#### [Task prompt]
Reproduce, exactly and only, the lines of the data that follows from the one containing "commit/tree/bl" down to the one containing "Grote ingelijste ets/aquatint, bewerkt", without pictures.

#### [Material provided]
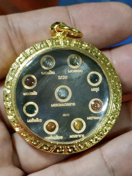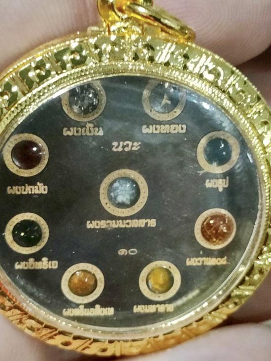 เหรียญสวยๆ สภาพเดิมๆ เนื้อนวะ เลี่ยมกรอบทองล้อมเพชร(ไม่ใช่ทองคำนะครับ) ด้านหลังติดมวลสาร 9 ชนิด
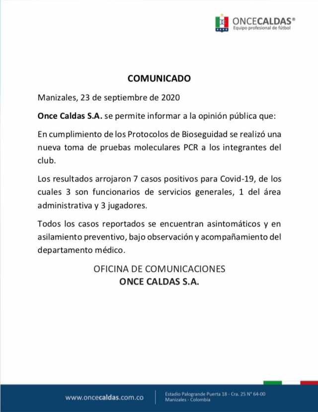 El Once Caldas informó este miércoles que después de una nueva toma de pruebas moleculares PCR a los integrantes del club siete resultaron positivos de covid-19.
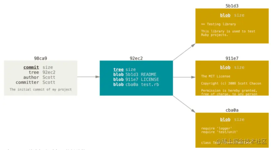commit/tree/blob在git里面都统一称为Object,除此之外还有个tag的object。
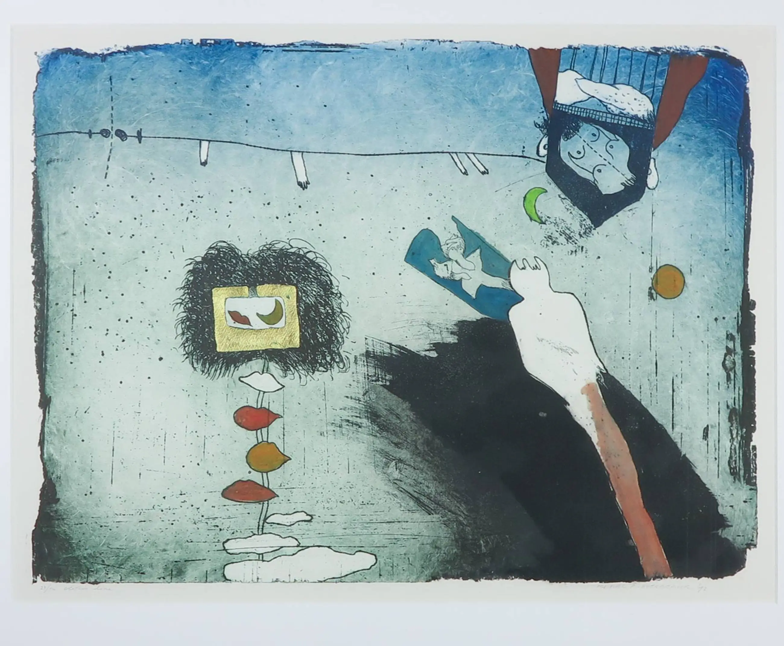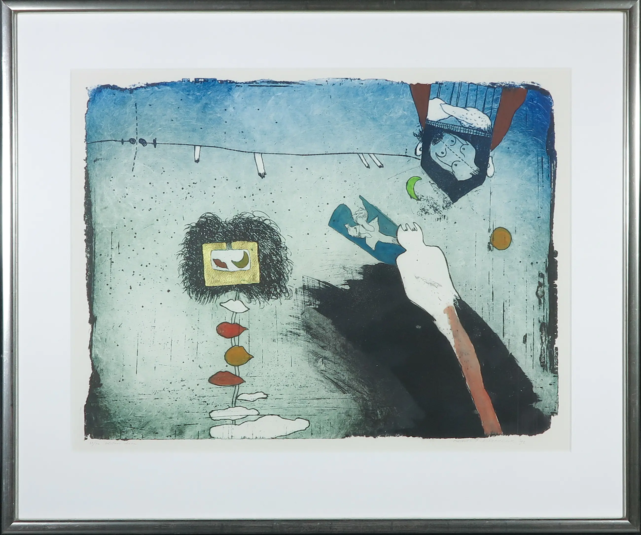 Grote ingelijste ets/aquatint, bewerkt met bladgoud van Michel van Overbeeke.
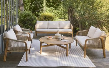 Autre salon de jardin phare du catalogue sweeek, le modèle Ushuaïa en bois d’acacia offre 4 places assises. Il plait par l’aspect lounge de son canapé et de ses fauteuils mais aussi par les nombreux coloris de coussins : écru, vert de gris, terracotta, gris, bleu canard ou beige. Là encore, plus de 200 avis clients attestent de la qualité et de la simplicité de montage de ce salon vendu 399,99 €.

#### [Final answer]
commit/tree/blob在git里面都统一称为Object,除此之外还有个tag的object。
 Grote ingelijste ets/aquatint, bewerkt met bladgoud van Michel van Overbeeke.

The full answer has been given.